Each chart type in HoneyHive focuses on different parts of your LLM pipeline:

### Completion Charts

* **Focus**: Individual LLM calls.
* **Key Metrics**: `cost`, `duration`, `tokens`, `errors`, and any specified evaluators.
* **Example Use Case**:
  * Hypothesis: "Longer user messages cause more token waste."
  * Test: Chart `Average Unused Output Tokens` grouped by `binned_input_length`.

### Session Charts

* **Focus**: Full user interactions and entire traces.
* **Key Metrics**: `User Turns`, `Session Duration`, `Avg User Rating`, `Agent Trajectory`.
* **Example Use Case**:
  * Hypothesis: "Agents start looping after `n` turns."
  * Test: Chart `Agent Trajectory Evaluator` grouped by `Number of turns`.

### Event Charts

* **Focus**: Specific steps or tools.
* **Key Metrics**: `Retrieval Latency`, `Synthesis Quality`, `Tool Choice Accuracy`.
* **Example Use Case**:
  * Hypothesis: "Our reranker is the bottleneck in high-load scenarios."
  * Test: Chart `99th Percentile Rerank Time` vs. `Requests per Minute`.

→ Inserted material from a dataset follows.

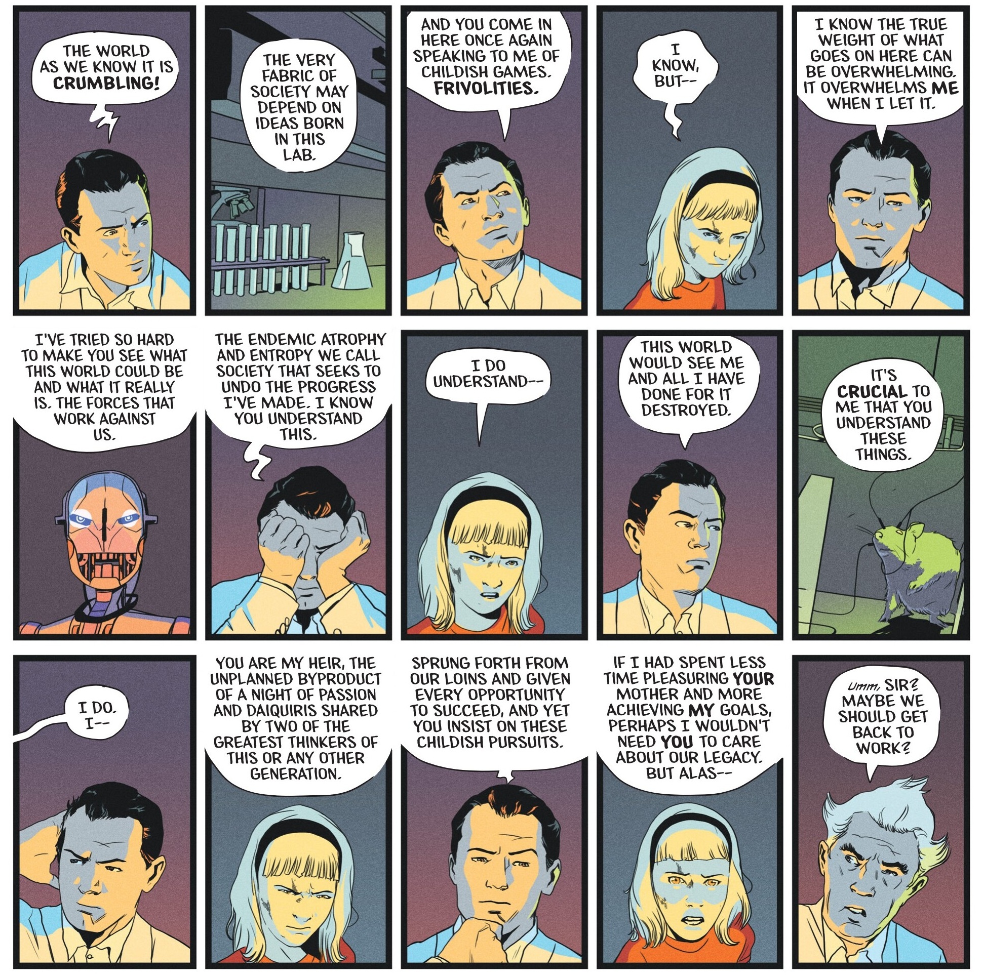 The other form of subversion has to do with the overall tone of the book, where dark comedy is often combined with absurdist dialogue delivered with a straight face (and with a healthy dose of foul language).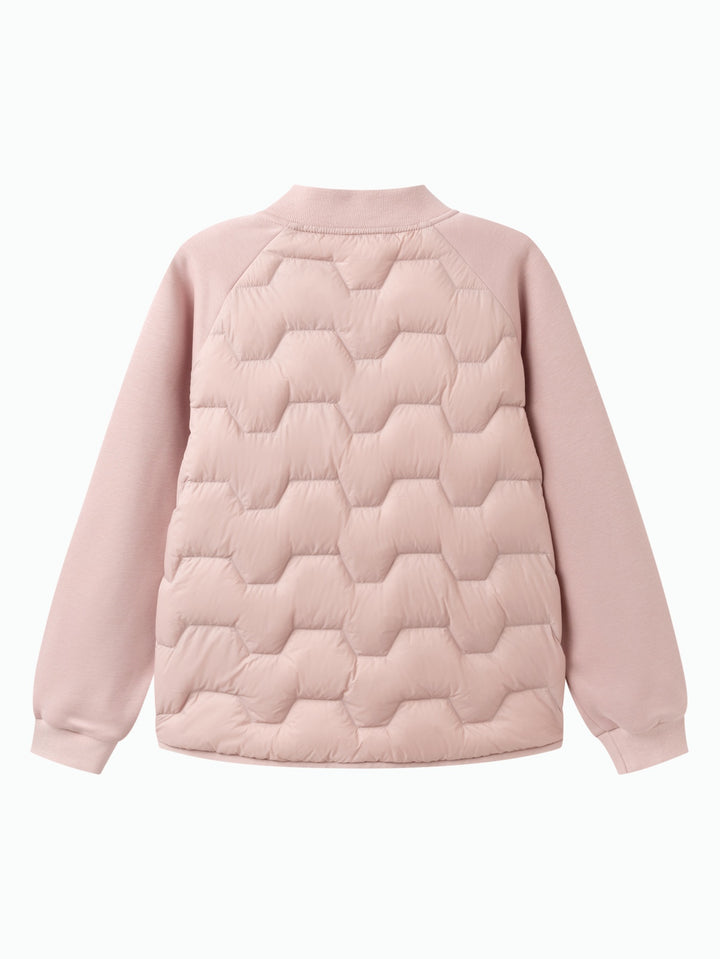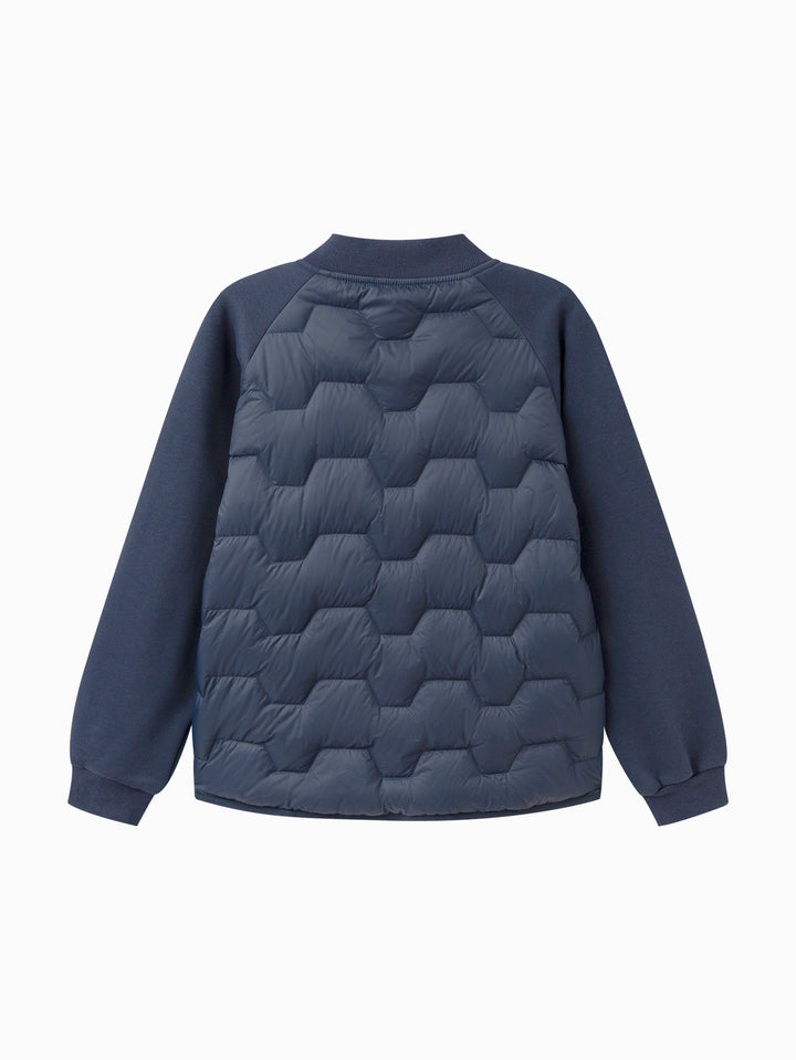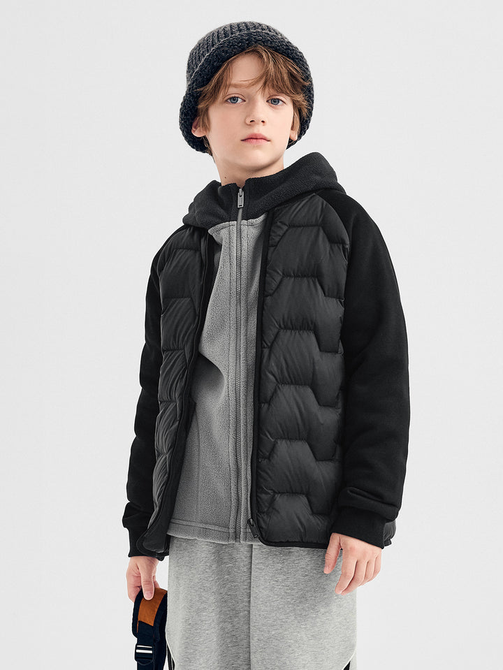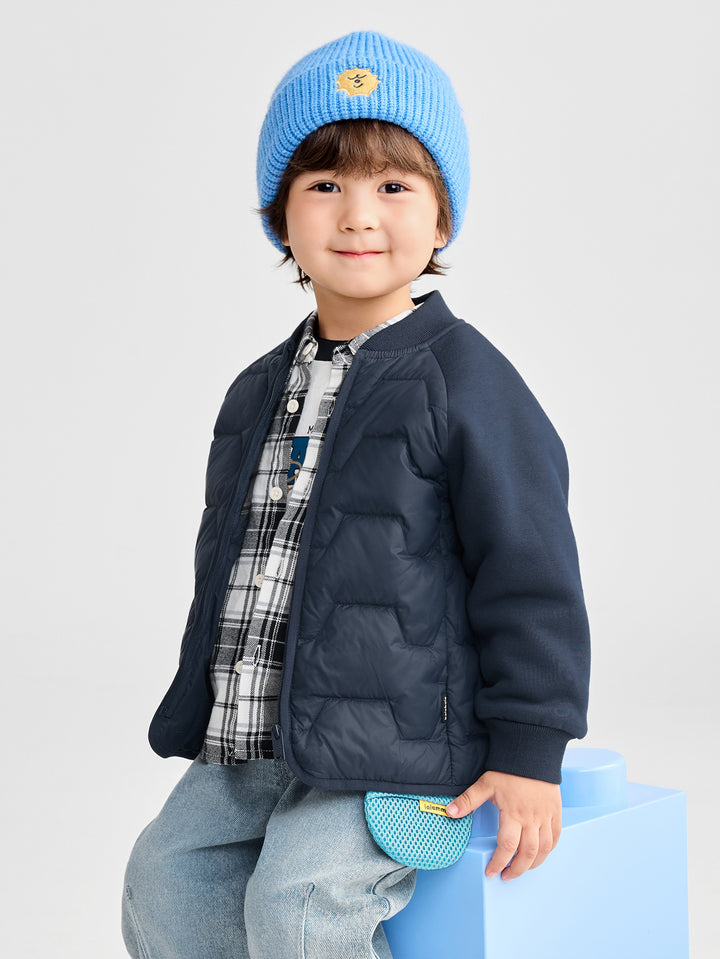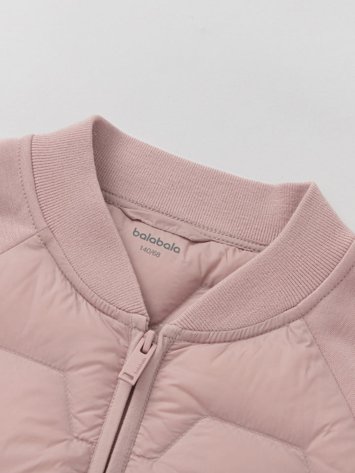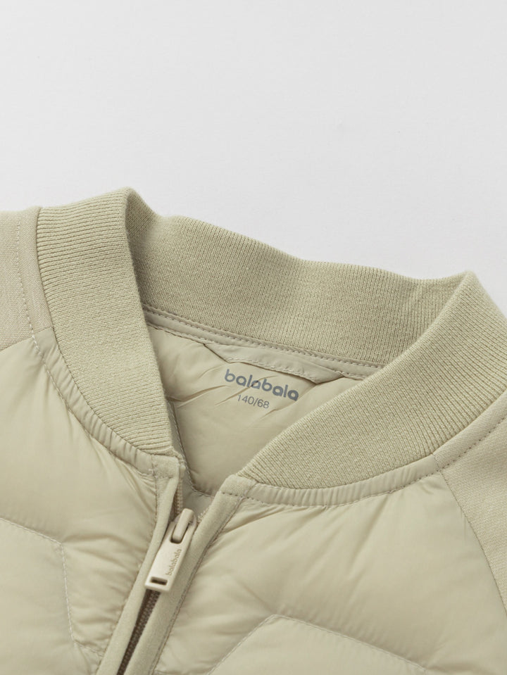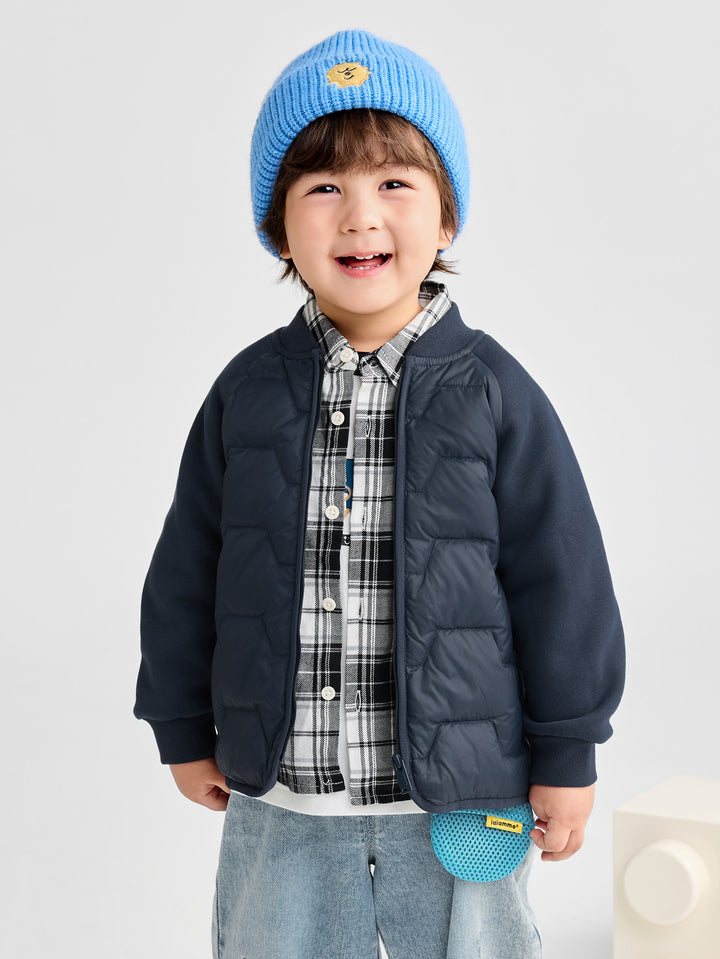 Sleeves made of brushed knit fabric, body with light down; high fill 70g/m², 90 duck down, zoned warmth, school uniform style.

## Advanced Chart Building Techniques

<Steps>
  <Step title="Choose Your Metric (What to Measure)">
    * **Process**: Pick chart type, then a relevant metric.
    * **Real-world Usage**:
      * Don't just track `Request Volume`. Ask: "Is volume growing faster for paid or freemium?"
      * Beyond `Cost`, ponder: "Is cost per successful session decreasing over time?"
  </Step>

  <Step title="Apply Aggregation (How to Measure)">
    * **Key Functions**:
      * `Average`: Typical case. "What's our usual response time?"
      * `99th Percentile`: Edge cases. "How bad does it get for our unluckiest users?"
      * `Percentage True`: For booleans. "What % of responses are factually correct?"
    * **Real-world Usage**:
      * `Average` is good, but `Median` might better represent a skewed distribution.
      * Watch both `Average` and `99th Percentile` to catch issues averages hide.
  </Step>

  <Step title="Filter and Group (Segmenting Data)">
    * **Filtering**:
      * Syntax: `property operator value`. E.g., `industry == "finance"`.
      * Examples:
        * `topic_category != "smalltalk"` to focus on core use cases.
        * `embedding_model == "v2" AND date > model_switch_date` for before/after analysis.
    * **Grouping**:
      * Syntax: Select properties. E.g., `prompt_template`, `user_tier`.
      * Examples:
        * `prompt_template` to see which prompts waste tokens.
        * `user_tier` and `topic_category` to see if premium users ask harder questions.